There is a moment early on in this book when four student friends find that they need to find a place to hide some books. Who can they trust in a state where informers and eyes are watching everywhere? Just hiding a book is something that could potentially land you in hot water so reasonably quickly you are introduced to the author's world of paranoia and fear.

The world where Georg, Kurt, Edgar and the female narrator occupy is one dominated by Ceausescu and it is a regime that is determined to crush individualism and any potential threat to the state. One of the victims of that regime is Lola who chooses to take her own life early on in the story after she comes up against the brutality of the state.

Her example unites four students who share the same views on the system and the same urge to defy it. Not defy it in terms of demonstrations and political actions but defy it in terms of wanting freedom of thought. The story follows them as they leave college and get jobs in factories where they are constantly kept under surveillance. They meet their nemesis in the secret service who is determined to break them and harasses their families as well as getting the few neutral friends to turn on them.

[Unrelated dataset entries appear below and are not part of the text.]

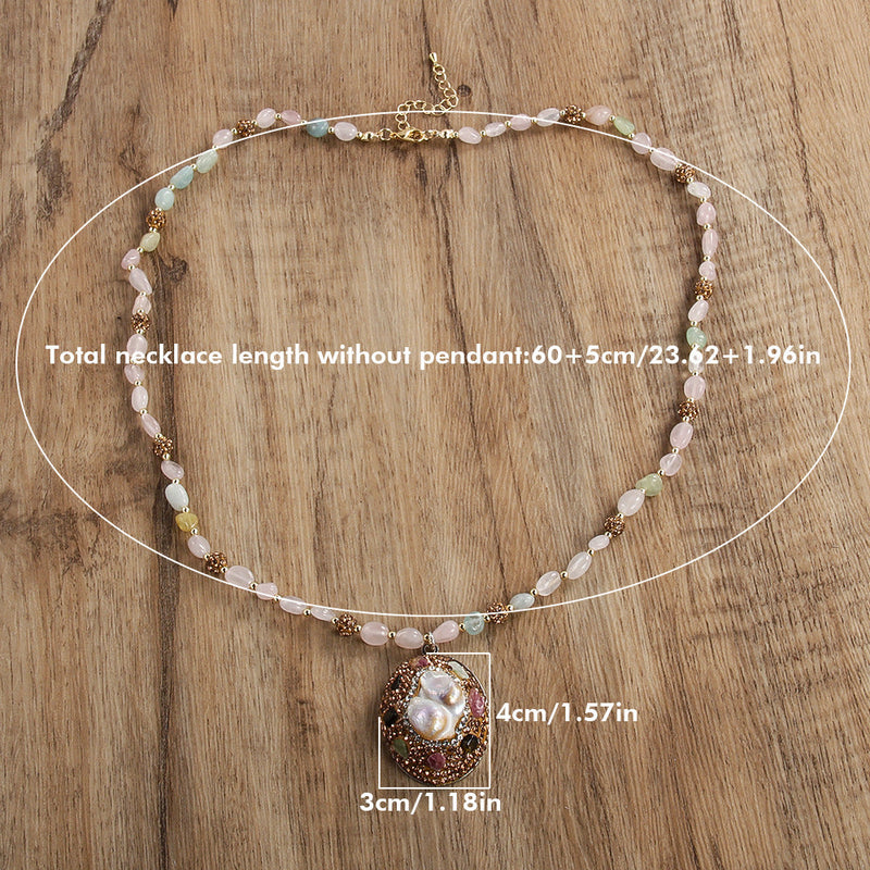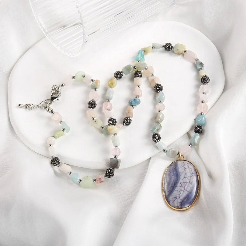 Vintage Style Vacation Geometric natural stone Beaded Chain Pendant Necklace In Bulk
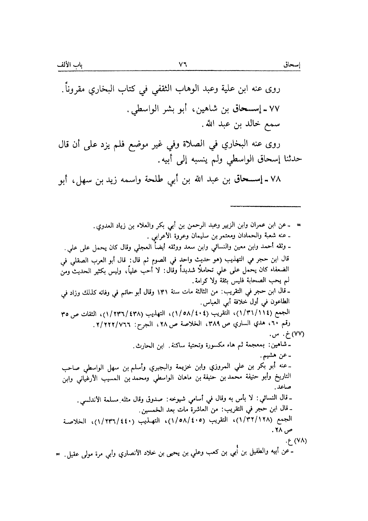 77 - إِسْحَاق بن شاهين أَبُو بشر الوَاسِطِيّ سمع خَالِد بن عبد الله رَوَى عَنهُ البُخَارِيّ فِي الصَّلَاة وَفِي غير مَوضِع فَلم يزدْ عَلَى أَن قَالَ حَدثنَا إِسْحَاق الوَاسِطِيّ وَلم ينْسبهُ إِلَى أَبِيه
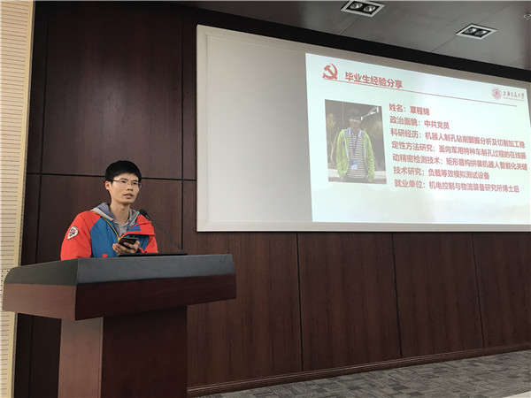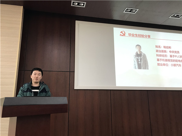 紧接着,毕业生代表覃程锦、刘亚雄和杨应彬分享了求学和求职的宝贵经验。三位毕业生代表深入浅出,从切身经历出发,讲述了自己毕业和择业过程中走过的弯路,并给予学弟学妹们很多有用的建议。覃程锦结合自己博士学习过程,强调科研首先要态度端正,其次要找到自己适合的方向,沉下心去做科研。同时勉励学弟学妹们在科研中要多吃苦、耐寂寞、多交流。
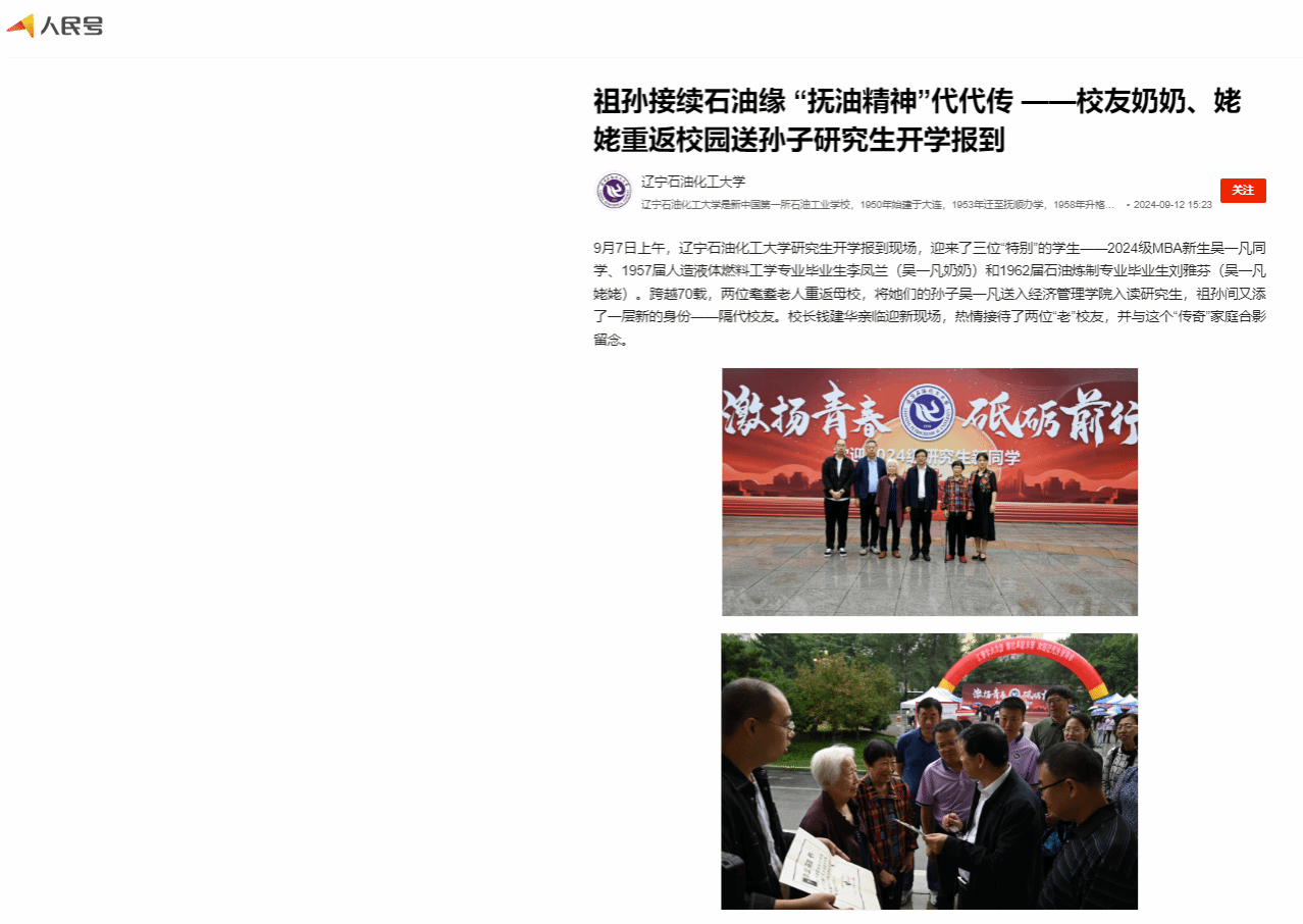 编者按:国产亚洲综合一区二区三区_亚洲欧美日韩中文天堂_尤物在线观看视频不卡无码_国产最新精品亚洲2025不卡_亚洲成Av人在线观看片水蜜桃研究生开学报到现场,迎来了三位“特别”的学生——2024级MBA新生吴一凡同学、1957届人造液体燃料工学专业毕业生李凤兰(吴一凡奶奶)和1962届石油炼制专业毕业生刘雅芬(吴一凡姥姥)。跨越70载,两位耄耋老人重返母校,将她们的孙子吴一凡送入经济管理学院就读研究生,祖孙间又添了一层新的身份——隔代校友。校长钱建华亲临迎新现场,热情接待了两位“老”校友,并与这个“传奇”家庭合影留念。中国大学生网、人民日报客户端•人民号、搜狐号对此进行了宣传报道。现将相关报道转载如下:
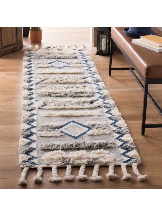 From the Kenya Collection. Add a well-traveled look to any room with artfully detailed Kenya collection rugs. Hand-knotted of wool in un-dyed natural shades or vibrant colors, the layers of texture in these tribal designs are achieved with thick, over-stitched cut pile yarns.
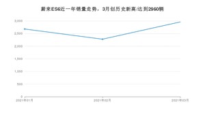 蔚来ES6 3月份销量数据发布 共2960台(2021年)
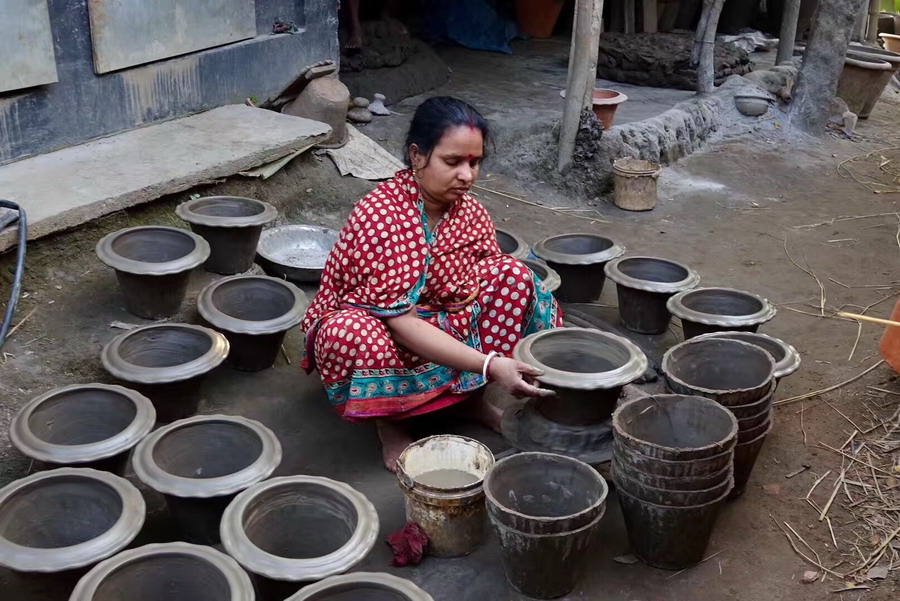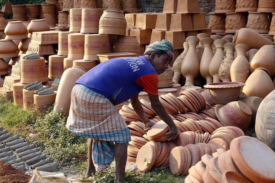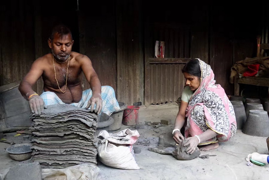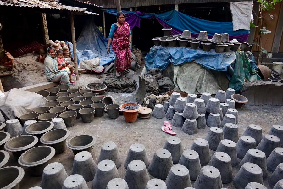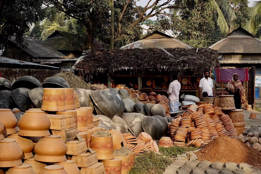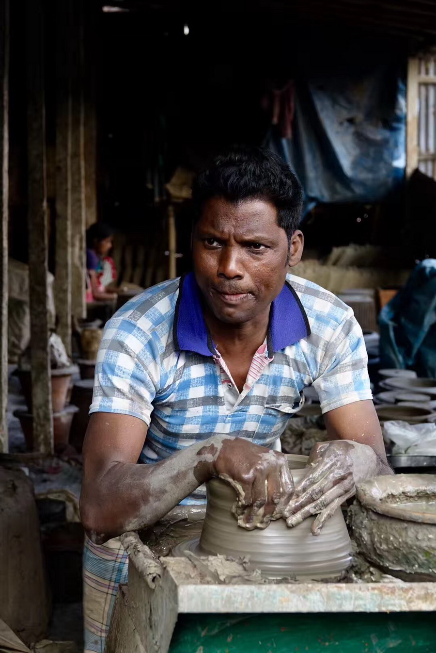 達(dá)卡遠(yuǎn)郊區(qū)一個(gè)印度教徒聚居的村莊,幾乎家家戶(hù)戶(hù)都開(kāi)辦制陶作坊,以傳統(tǒng)工藝制作陶盆、陶罐、陶盤(pán)和建筑裝飾陶器,遠(yuǎn)銷(xiāo)孟加拉國(guó)內(nèi)各地。李仁奇  攝
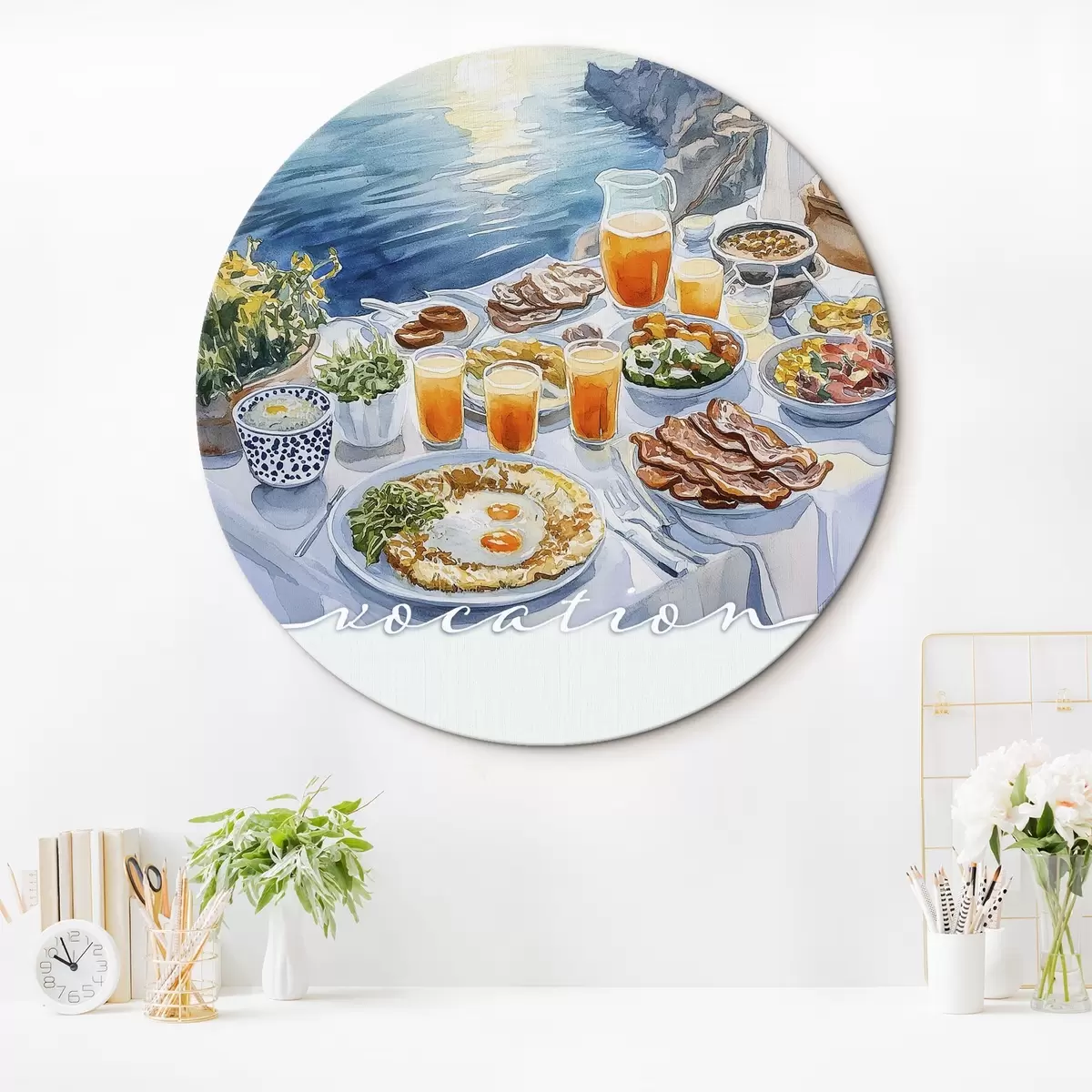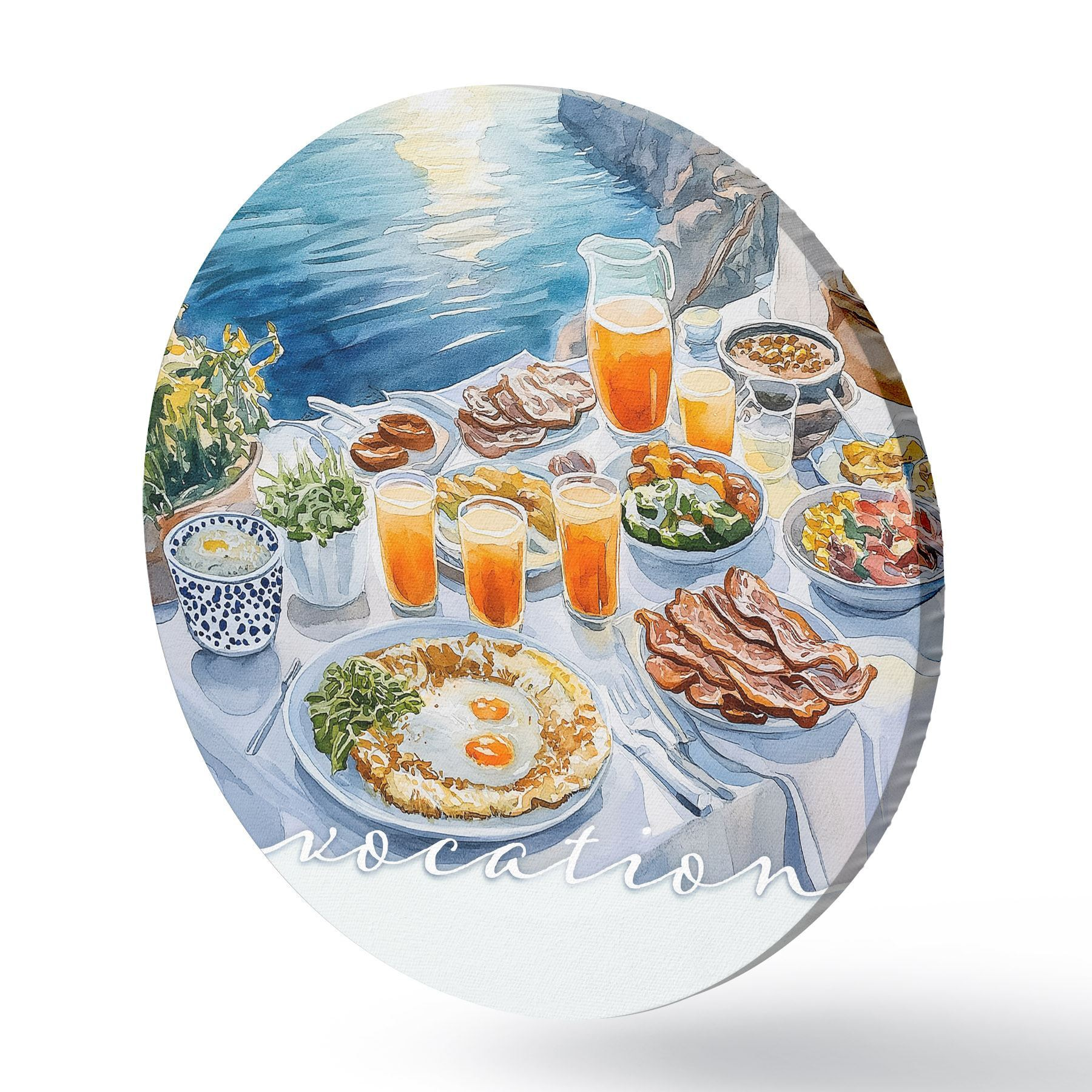 Apaļas gleznas Romantiska atpūta Grieķijā, akvareļu stilā, brokastis, saullēkts r42453

The style is almost diary like with small to long passages coming on top of each other to give you an idea of what it must be like to live in a society where the fear of the state is the first lesson handed down from parent to child and the consequences of free thought are dire.

Even when they escape the country they can never really escape the fear, the sense of surveillance and the threat from a regime that has to squash anyone who disagrees with them. It might not be easy to follow on occasions and the jerky results of it being clipped passages makes it difficult for the narrative to flow sometimes.

But the feeling it provides is one that is going to be more memorable than the story. The sense of paranoia, fear and the limits to where an individual can escape to when the only real escape is in their head is brilliantly delivered.